Accused LulzSec Members Left Trail of Clues Online

Trailrunner7 writes "When the long arm of the law reached in to arrest members of Anonymous's senior leadership on Tuesday, speculation immediately turned to the identities of the six men behind the Guy Fawkes mask. With the benefit of hindsight, it turns out that many had been hiding in plain sight, with day jobs, burgeoning online lives and — for those who knew where to look — plenty of clues about their extracurricular activities on behalf of the world's most famous hacking crew. Two of the accused, Darren Martyn (aka 'pwnsauce,' 'raepsauce,' and 'networkkitten,') and Donncha O'Cearbhail, formerly known as Donncha Carroll (aka 'Palladium'), sported significant online footprints and made little effort to hide their affinity for hacking. In other areas, however, Martyn (who was reported to be 25, but claimed to be 19), seemed to be on his way to bigger and better things. He was a local chapter leader of the Open Web Application Security Project in Galway, Ireland. He spent some of his free time with a small collective of computer researchers with Insecurety Research, under the name 'infodox.'"

Dump summery

[Weezul]

LulzSec were their own hacker group operating under their own name to bolder their own egos. Please don't conflate them with Anonymous.

LulzSec shared some aims and humor with Anonymous, but they always wanted to be identified. And that egotism helped get them caught.

Re:The Irish Connection

[Anonymous Coward]

Luckily for Martyn and Ó Cearall, the Irish Supreme Court just made their extradition—if it were sought by the US or anyone else—a lot more difficult. Last week's Ian Bailey case confirmed that if an Irish citizen (as I assume these two are) commits an act within the State which is a criminal offence under Irish law, they will not be extradited upon request, but rather they will be tried in Ireland. If acquitted, or if the DPP decides there is not enough evidence to prosecute (or decides not to prosecute for any other reason), extradition will still be impossible. That case concerned the European Arrest Warrant, but I didn't detect anything in the judgments which wouldn't also apply to any other extradition system.
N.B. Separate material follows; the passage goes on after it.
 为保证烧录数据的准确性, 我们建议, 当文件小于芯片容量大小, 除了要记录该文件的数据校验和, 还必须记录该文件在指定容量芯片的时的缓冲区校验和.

Re:Protest doesn't require breaking the law.

[MarkvW]

I'm kind of tired of all the juvenile whining. A bunch of stupid juvenile copycat vandals are not going to accomplish anything positive.

The potential of the Internet for change hasn't even been anywhere near fully explored yet.

Re:So it goes

[Anonymous Coward]

Rules to Hack and stay Free by:

1. Never hack where you sleep, live, work, go to school, play, etc. To extend this idea a little, never hack from a location where there is any way at all to correlate your real identity. This includes public wifi spots where there are cameras, for example. As another example, if you use a library (assuming they don't also have cameras) it would be a bad idea to check a book out... or even have a card there.
1b. This also includes recon and conversations related to hacking.
1c. Leave your cellphone at home, or remove the battery.

2. Most hackers can't afford to use a fresh, clean system for every hack or related activity. If you can, great. But if not, be sure you use a fully sanitized system, preferably one reserved just for hacking. A clean system running a non-installed OS and relying on virtual machines is the best option, encryption is a must-have and you absolutely have to be able to alter your NIC's MAC address. The hardware virtualization should be able to be altered so that nothing about the system will generate a consistent "fingerprint" across boots.

3. Do not use public proxies or ones supplied by a 3rd party. Use only systems which you have personally compromised as a proxy agent.
3b. All proxies should be regarded as already compromised, or even as honeypots. They should only be used to slow down the hunters, and assume that eventually they may yield some information even if they get scrubbed.

4. Leave false trails when it is practical.
4b. It is better to not leave a false trail, then it is to leave a false one and in the process create another real one.

5. Never re-use handles, login names, passwords, drop locations, proxies, etc. Consider all that data one-time use only.

6. Last, and most important is: Never become attached to anything which you cannot walk away from if you feel the Heat coming.

Most hackers violate all these rules on a regular basis. They get lazy and sloppy, so they hack from home and re-use systems. They brag about what they did, intermix details of their real life with various handles, and re-use names, passwords, locations, and methods. People who don't follow these rules are Amateurs, not Professionals. Professionals can walk away from their entire real life if it ends up becoming compromised... most people who hack cannot do this and as such will never truly be "Elite".

google it

[decora]

Sabu was an FBI agent, the FBI helped him find servers for the stratfor leak. all over the news in the past few days.